Sur les demandes accessoires :
Madame [V] [D], partie perdante, supportera la charge des dépens en application de l’article 696 du code de procédure civile, qui comprendront notamment le coût du commandement de payer et celui de l’assignation.
L’équité justifie de ne pas faire droit à la demande formée au titre de l’article 700 du code de procédure civile.

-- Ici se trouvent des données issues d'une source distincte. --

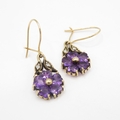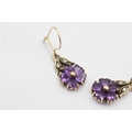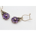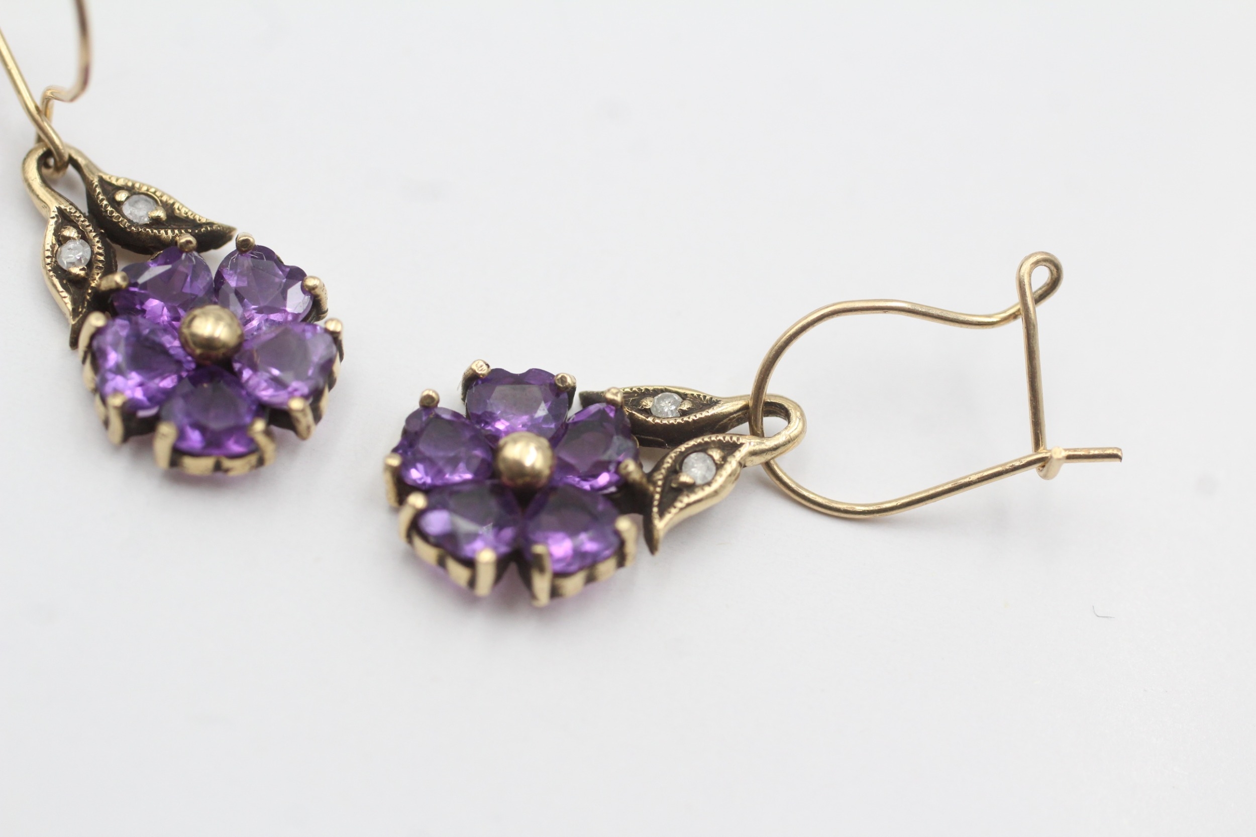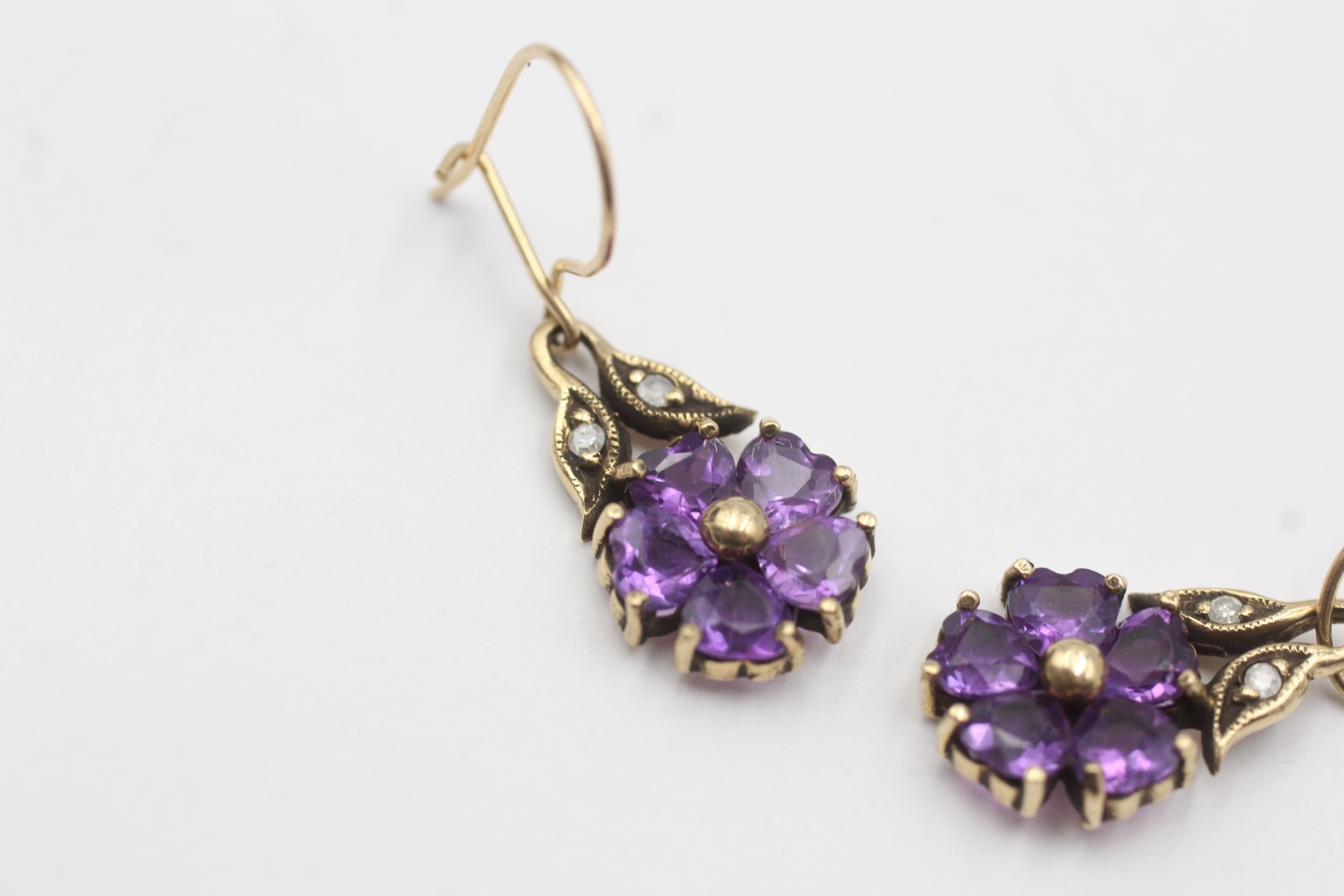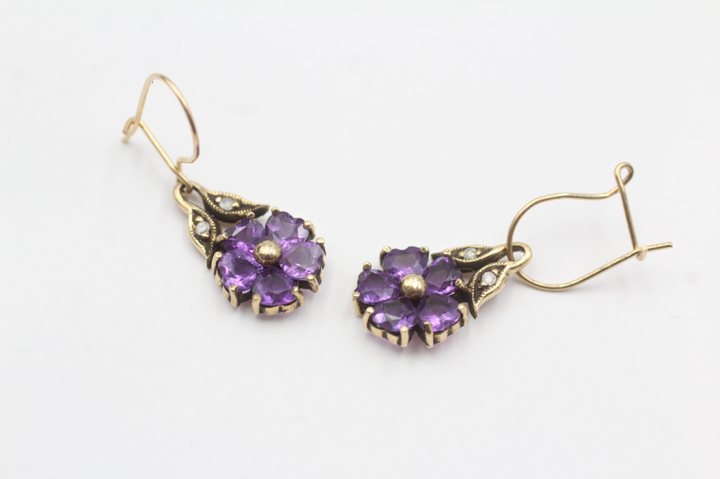 9ct gold vintage diamond and amethyst set floral drop earrings (2.5g)

La présente décision est exécutoire à titre provisoire, conformément à l’article 514 du code de procédure civile.
PAR CES MOTIFS
Le juge des contentieux de la protection statuant publiquement, après débats en audience publique, par jugement mis à disposition au greffe contradictoire et en premier ressort,
CONSTATE que les conditions d’acquisition de la clause résolutoire figurant au bail conclu le 5 novembre 2019, entre l’OPHLM [Localité 9] et Madame [V] [D] concernant l’appartement à usage d’habitation n°105 situé au [Adresse 3], sont réunies à la date du 18 juillet 2024 ;
CONDAMNE Madame [V] [D] à verser à l’Office Public de l’Habitat EST ENSEMBLE HABITAT la somme de 3.094,80 euros (décompte arrêté au 10 octobre 2025, incluant la mensualité de septembre 2025) ;
AUTORISE Madame [V] [D] à s’acquitter de cette somme, outre le loyer et les charges courants, en 19 mensualités de 150 euros chacune et une 36ème mensualité qui soldera la dette en principal et intérêts ;
PRECISE que chaque mensualité devra intervenir avant le 10 de chaque mois jusqu’à extinction de la dette et pour la première fois le 10 du mois suivant la signification du présent jugement ;
SUSPEND les effets de la clause résolutoire pendant l’exécution des délais accordés ;
DIT que si les délais accordés sont entièrement respectés, la clause résolutoire sera réputée n’avoir jamais été acquise ;
RAPPELLE qu’en application de l’article R. 824-29 du code de la construction et de l’habitation, sous réserve du respect de ce plan d’apurement, l’aide personnelle au logement est maintenue ou rétablie dans les conditions prévues à l’article R. 824-26 ;
DIT qu’en revanche, toute mensualité, qu’elle soit due au titre du loyer et des charges courants ou de l’arriéré, restée impayée sept jours après l’envoi d’une mise en demeure par lettre recommandée avec avis de réception justifiera :
* que la clause résolutoire retrouve son plein effet ;
* que le solde de la dette devienne immédiatement exigible ;
* qu’à défaut pour Madame [V] [D] d’avoir volontairement libéré les lieux dans les deux mois de la délivrance d’un commandement de quitter les lieux, l’Office Public de l’Habitat EST ENSEMBLE HABITAT, puisse faire procéder à son expulsion ainsi qu’à celle de tous les occupants de son chef, conformément à l’article L.412-1 du code des procédures civiles d’exécution, avec le concours de la force publique si besoin est, étant rappelé que le sort du mobilier garnissant le logement est prévu par les articles L.433-1 et suivants du code des procédures civiles d’exécution ;
* que Madame [V] [D] soit condamnée à verser à l’Office Public de l’Habitat EST ENSEMBLE HABITAT, une indemnité mensuelle d’occupation égale au montant du loyer et des charges qui auraient été dus en l’absence de résiliation du bail, jusqu’à la date de la libération effective et définitive des lieux caractérisée par la remise des clés au l’Office Public de l’Habitat EST ENSEMBLE HABITAT ou à son mandataire ;
REJETTE la demande de dommages et intérêts formée par l’Office Public de l’Habitat EST ENSEMBLE HABITAT ;
DIT n’y avoir lieu à paiement d’une indemnité au titre de l’article 700 du code de procédure civile ;
CONDAMNE Madame [V] [D] aux dépens, qui comprendront notamment le coût du commandement de payer et de l’assignation ;
RAPPELLE que le présent jugement est exécutoire de plein droit à titre provisoire.
Ainsi jugé et prononcé par mise à disposition les jour, mois et an susdits par le Juge des contentieux de la protection et le Greffier susnommés.